Every entry below needs to be printed again exactly, with its pictures left out.

* Source records *
* * * * * * * * *

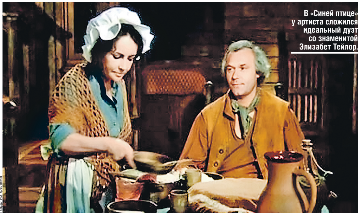
В «Синей птице» у артиста сложился идеальный дуэт со знаменитой Элизабет Тейлор.

нятыми буквами, а он все равно умудрялся исковеркать каждое слово.
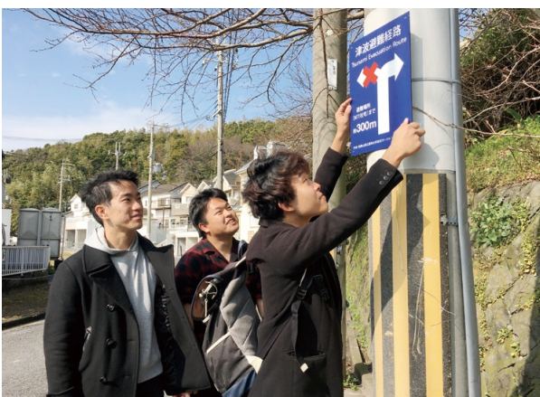
Wakayama Will (災害ボランティアサークル)
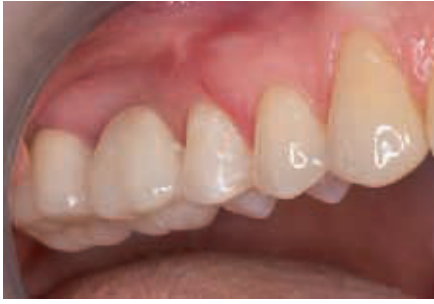
الصورة ١٣: الجسر المصبوب بعد تركيبه في فم المريض
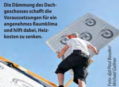
Die Dämmung des Dachgeschosses schafft die Voraussetzungen für ein angenehmes Raumklima und hilft dabei, Heizkosten zu senken.

Energie sparen und Raumklima verbessern Neben dem Spareffekt und dem Nutzen für den Klimaschutz steigert eine
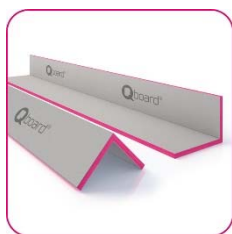
Qboard® qorner reno
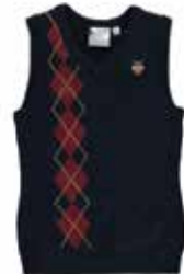
Style #CSM028J-4561 Débardeur à encolure en «V» 9-Tricot jersey
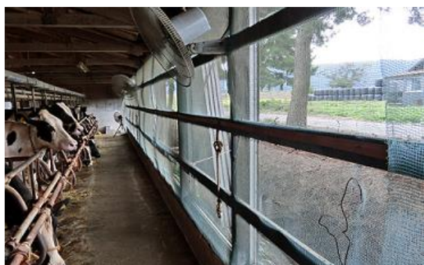
畜舎周辺への防虫ネット設置
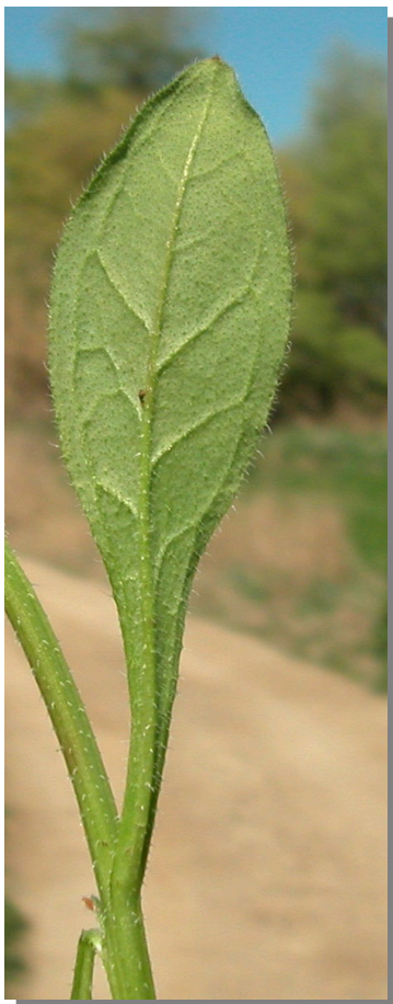
A. procumbens . Detalle de hojas inferiores: envés
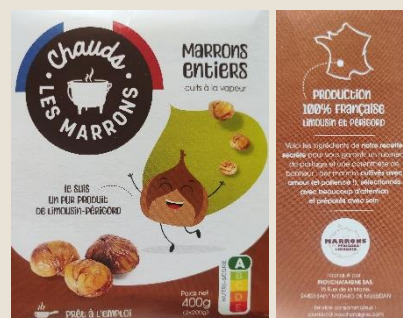
Gamme de marrons entiers sous vide, Marrons du Périgord-Limousin®, InovChataigne
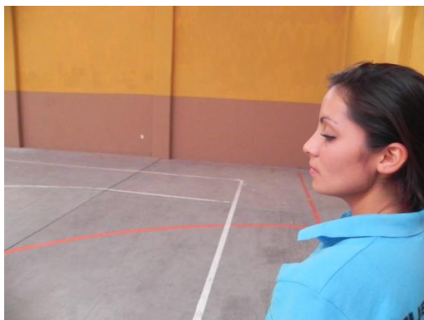
Figura 23. Ubicar la posición.

5. Brazos: el balón se lanzara con un brazo (regularmente el contrario al brazo ejecutor, sin embargo si se entrena se puede especializar el lanzamiento con el brazo ejecutor), el cual estará posado al frente del cuerpo en una altura cómoda para el jugador y que le permita realizar un lanzamiento de balón con la altura y distancia adecuadas para él, sosteniendo dicho balón con la palma de la mano, el brazo ejecutor se encuentra en posición normal en espera de iniciar el movimiento (Figura 24).
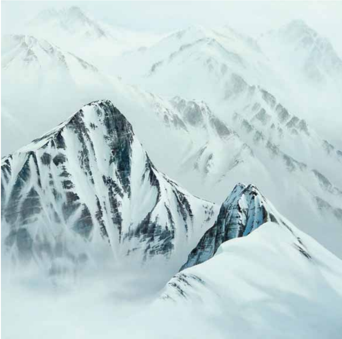
Bradford now Akriliko mihise gainean • Acrílico sobre lienzo 150 x 150 cm 2020
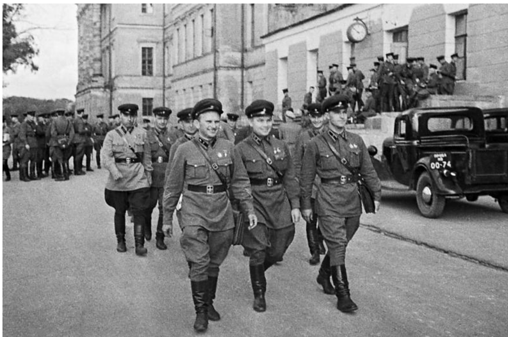
Выпускники Военной Академии им. Сталина. Москва, июнь 1941 года.

материальной части наших танковых сил, имевшее место до сих пор, было отныне потеряно и теперь перешло к противнику. Тем самым исчезли перспективы на быстрый и непрерывный успех... Намеченное быстрое наступление на Тулу пришлось отложить». Однако Брянский фронт оказался рассеченным, и его войска, неся потери, с боями отступали на восток.
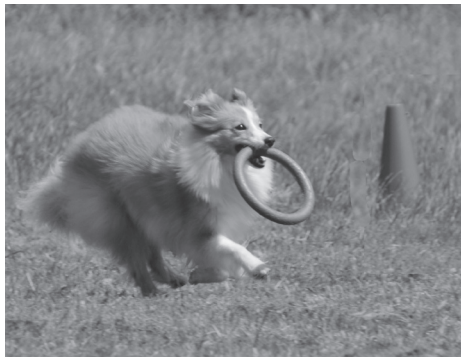
Ukázka psího sportu Dog Puller

Máte malého či mladého pejska? Naše organizace nabízí socializační hodiny pro štěňata. Páníčci se učí vést svého pejska a pejsek se učí chovat na ulici i mezi ostatními psy. Na socializačních hodinách si osvojíte, jak zvládnout základní povely nebo jak naučit či odnaučit svého pejska různým „zvykům“. Pejsek se učí zvládat ostatní psy, osvojí si nové dovednosti
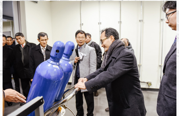
▲ 친환경연구동 실린더를 이동해보는 박원주 산업부 에너지자원실장
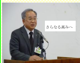
下野市教育研究所長

組織マネジメントの向上を全職員で目指し、その取組が当たり前となり、子供たちの成長につながる。そんな下野市の教育活動になっていくことを期待しています。
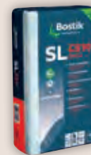
Art.-Nr. 70053 BOSTIK SL C510 PRO dient im Innenbereich zum Spachteln, Ausgleichen und Nivellieren von Estrichen und Schnellestrichen und Rohbe- tondecken. Spannungsarm, selbstverlaufend, streckbar. Verbrauch: ca. 1,5 kg je m 2 je 1 mm Schichtdicke. Sack à 25 kg

* * * * * * * * *

* Output of the exercise *
В «Синей птице» у артиста сложился идеальный дуэт со знаменитой Элизабет Тейлор.

нятыми буквами, а он все равно умудрялся исковеркать каждое слово.
Wakayama Will (災害ボランティアサークル)
الصورة ١٣: الجسر المصبوب بعد تركيبه في فم المريض
Die Dämmung des Dachgeschosses schafft die Voraussetzungen für ein angenehmes Raumklima und hilft dabei, Heizkosten zu senken.

Energie sparen und Raumklima verbessern Neben dem Spareffekt und dem Nutzen für den Klimaschutz steigert eine
Qboard® qorner reno
Style #CSM028J-4561 Débardeur à encolure en «V» 9-Tricot jersey
畜舎周辺への防虫ネット設置
A. procumbens . Detalle de hojas inferiores: envés
Gamme de marrons entiers sous vide, Marrons du Périgord-Limousin®, InovChataigne
Figura 23. Ubicar la posición.

5. Brazos: el balón se lanzara con un brazo (regularmente el contrario al brazo ejecutor, sin embargo si se entrena se puede especializar el lanzamiento con el brazo ejecutor), el cual estará posado al frente del cuerpo en una altura cómoda para el jugador y que le permita realizar un lanzamiento de balón con la altura y distancia adecuadas para él, sosteniendo dicho balón con la palma de la mano, el brazo ejecutor se encuentra en posición normal en espera de iniciar el movimiento (Figura 24).
Bradford now Akriliko mihise gainean • Acrílico sobre lienzo 150 x 150 cm 2020
Выпускники Военной Академии им. Сталина. Москва, июнь 1941 года.

материальной части наших танковых сил, имевшее место до сих пор, было отныне потеряно и теперь перешло к противнику. Тем самым исчезли перспективы на быстрый и непрерывный успех... Намеченное быстрое наступление на Тулу пришлось отложить». Однако Брянский фронт оказался рассеченным, и его войска, неся потери, с боями отступали на восток.
Ukázka psího sportu Dog Puller

Máte malého či mladého pejska? Naše organizace nabízí socializační hodiny pro štěňata. Páníčci se učí vést svého pejska a pejsek se učí chovat na ulici i mezi ostatními psy. Na socializačních hodinách si osvojíte, jak zvládnout základní povely nebo jak naučit či odnaučit svého pejska různým „zvykům“. Pejsek se učí zvládat ostatní psy, osvojí si nové dovednosti
▲ 친환경연구동 실린더를 이동해보는 박원주 산업부 에너지자원실장
下野市教育研究所長

組織マネジメントの向上を全職員で目指し、その取組が当たり前となり、子供たちの成長につながる。そんな下野市の教育活動になっていくことを期待しています。
Art.-Nr. 70053 BOSTIK SL C510 PRO dient im Innenbereich zum Spachteln, Ausgleichen und Nivellieren von Estrichen und Schnellestrichen und Rohbe- tondecken. Spannungsarm, selbstverlaufend, streckbar. Verbrauch: ca. 1,5 kg je m 2 je 1 mm Schichtdicke. Sack à 25 kg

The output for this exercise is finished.